The General Pension and Social Security Authority called on employers to abide by the registration of Gulf civilians working in the state in the unified system to extend insurance protection, stressing that this includes workers in the government and private sectors, including free zones and the hotel and tourism sector.
The authority clarified that registration for Gulf nationals working in the state is mandatory according to Cabinet Resolution No. 18 of 2007, which was issued by the Council on July 22, 2007 AD to regulate the provisions of insurance protection for citizens of the Gulf Cooperation Council countries working in civil retirement agencies outside their countries in any of the GCC states. The system was called the system With the "System of Extending Insurance Protection", and specifying the Pensions Authority as the implementing agency of the system in the country.
She stated that thanks to this system, a Gulf citizen who works in any of the GCC countries enjoys social insurance as if he were working in his home country, and registration and subscription for him take place and his insurance rights are paid in accordance with the retirement law in the countries where the employee is located.

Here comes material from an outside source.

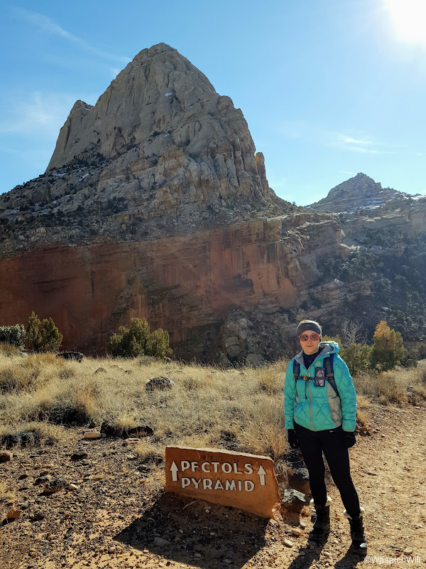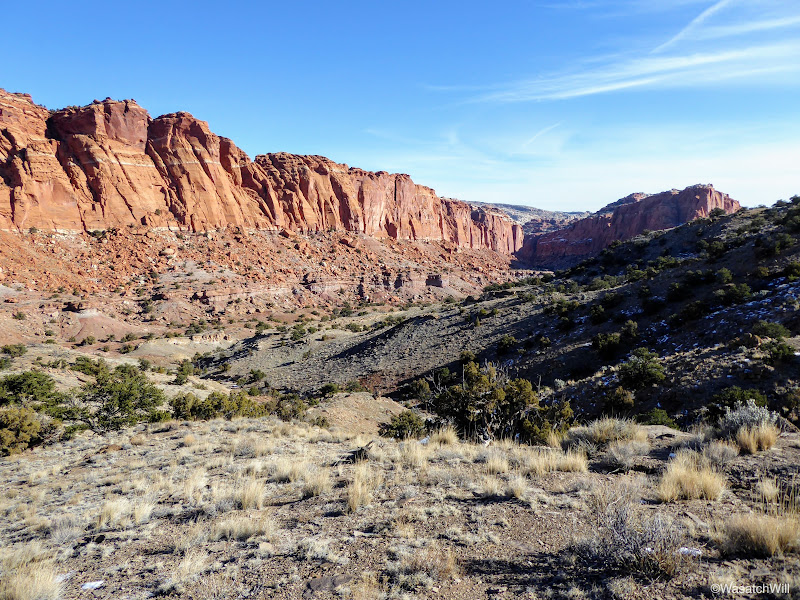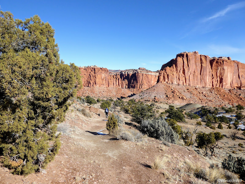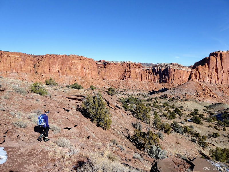 We set off just after breakfast and drove down the road from Torrey down to the Chimney Rock trailhead in the Park. This hike would mark my third time using this trailhead. The first was a solo backpacking trip I did through Capitol Reef a couple years ago and the second was a hike up into Chimney Canyon and down Spring Canyon with Jessica last year. For both of us, this would be the first time we'd hike the Chimney Rock Trail Loop full circle. Weather was cold and breezy but not unbearable starting out. Once we got going, we quickly began to warm up.

In order for the employee to be subject to insurance, the provisions of the Pension and Social Security Law in his country shall apply to him, and that he has the nationality of one of the Gulf countries, and that he works for an employer subject to the provisions of a civil retirement law, and in the event of losing any of these conditions, his participation in the system shall be suspended.
The mechanism of registration in the system is represented by the pension system in the state where the work is located, in coordination with the pension authority in the state where the worker is located, to register employees and follow up on the collection of their monthly contributions in accordance with the insurance system established in their countries, so that their contributions are paid not exceeding the employer’s share determined in the state where the work is located.
Accordingly, the percentage of contributions borne by the employer in the UAE for Gulf nationals working for him is 15% in the government sector and 12.5% in the private sector. .
The responsibility for paying the contributions for the Gulf citizen lies with the employer, who has to deduct the percentage of the insured with the percentage prescribed for him and transfer it monthly to the bank account designated for the retirement system in the country where the worker is located.
The protection extension system gives those covered by its provisions the possibility of adding service periods prior to the date of application of this system with the current employer, and their previous periods of service in their countries may be combined according to the conditions for adding service periods in their retirement agencies.
Employers should be obligated to pay the end-of-service gratuity for Gulf nationals working for them in accordance with the civil service regulations or applicable labor laws in their regard for the periods prior to the application of the provisions of this system, as this system does not prejudice any other rights or benefits that are established in accordance with the regulations that employers are bound by. with their employees prior to the issuance of this decision.